Solving a Complex Integral with Partial Fractions

[laker88116]

\int \frac {1}{x\sqrt{4x+1}}dx

Here's what I have done so far on this problem

I let u= \sqrt{4x+1}, so then u^2=4x+1, du= \frac {2dx}{u} and x= \frac {u^2-1}{4}

Substituting, I get \int \frac {1}{(\frac{u^2-1}{4})u}du

Then moving stuff around, I get 4 \int \frac {du}{u(u+1)(u-1)}

I know I have to use partial fractions. But I am not sure where to start. Any help is appreciated.

 

[amcavoy]

\int \frac {1}{x\sqrt{4x+1}}dx

Here's what I have done so far on this problem

I let u= \sqrt{4x+1}, so then u^2=4x+1, du= \frac {2dx}{u} and x= \frac {u^2-1}{4}

Substituting, I get \int \frac {1}{(\frac{u^2-1}{4})u}du

Then moving stuff around, I get 4 \int \frac {du}{u(u+1)(u-1)}

I know I have to use partial fractions. But I am not sure where to start. Any help is appreciated.
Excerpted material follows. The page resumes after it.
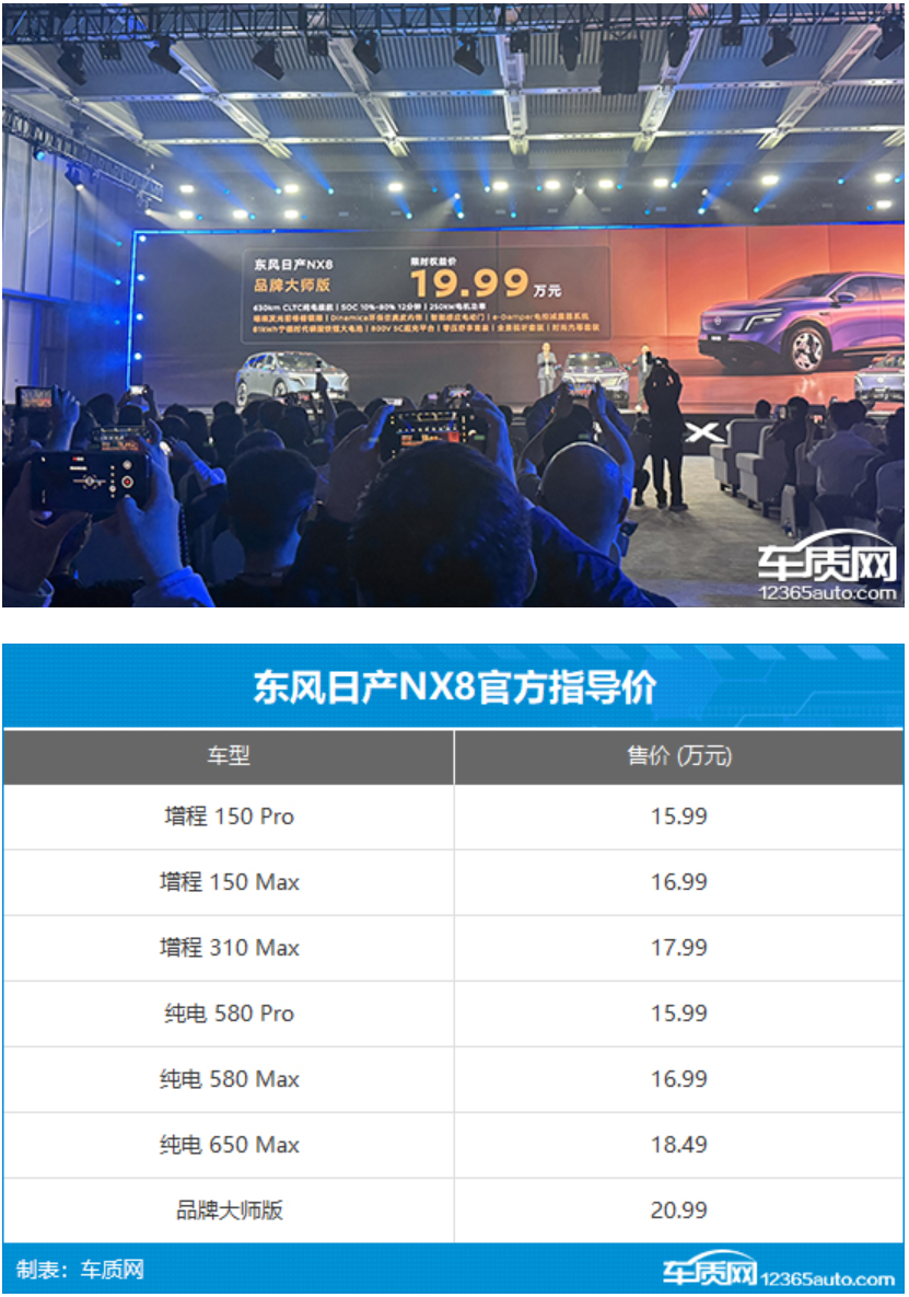 4月8日,东风日产NX8正式上市,此次共推出7款车型,其中包含一款NX8品牌大师版,售价15.99-20.99万元,限时权益价14.99-19.99万元。新车定位中大型SUV,并基于全新全栈自研的天演架构2.0打造,拥有800V高压平台、宁德时代5C超充等技术,动力上则提供增程和纯电两种动力形式。
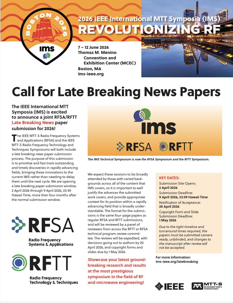 IMS2026 is excited to announce a joint RFSA/RFTT Late Breaking News paper submission for 2026!

\frac{1}{u(u+1)(u-1)}=\frac{A}{u}+\frac{B}{u+1}+\frac{C}{u-1}

 

[laker88116]

I know that, but then what do I do, I have to get a common denominator, which is u(u+1)(u-1), but then what?

 

[amcavoy]

I know that, but then what do I do, I have to get a common denominator, which is u(u+1)(u-1), but then what?

Multiply both sides by u(u+1)(u-1) so that the left side is 1. Simplify to get A, B, and C.

 

[laker88116]

Ok, I get A=-1, b=1/2, c=1/2, is that right?

 

[amcavoy]

Ok, I get A=-1, b=1/2, c=1/2, is that right?

Looks good.

 

[laker88116]

Ok, I think I got it. Thanks.

 

[Fermat]

\int \frac {1}{x\sqrt{4x+1}}dx

Here's what I have done so far on this problem

I let u= \sqrt{4x+1}, so then u^2=4x+1, du= \frac {2dx}{u} and x= \frac {u^2-1}{4}

Substituting, I get \int \frac {1}{(\frac{u^2-1}{4})u}du

Then moving stuff around, I get 4 \int \frac {du}{u(u+1)(u-1)}

I know I have to use partial fractions. But I am not sure where to start. Any help is appreciated.

Just a little bit missed out. When substituting into the integrand written in terms of x, you forgot to replace the dx with (u/2)du.

\mbox{let}\ u= \sqrt{4x+1}\ \mbox{, so then}\ u^2=4x+1\ \mbox{,}\ du= \frac {2dx}{u}\ \rightarrow dx = \frac{u}{2}\ du \mbox{, and}\ x= \frac {u^2-1}{4}

Substituting gives \int \frac {1}{x\sqrt{4x+1}}dx = \int \frac {1}{(\frac{u^2-1}{4})u}.\frac{u}{2}\ du = \int \frac{2}{u^2 - 1}\ du

Now you can do the partial fractions bit.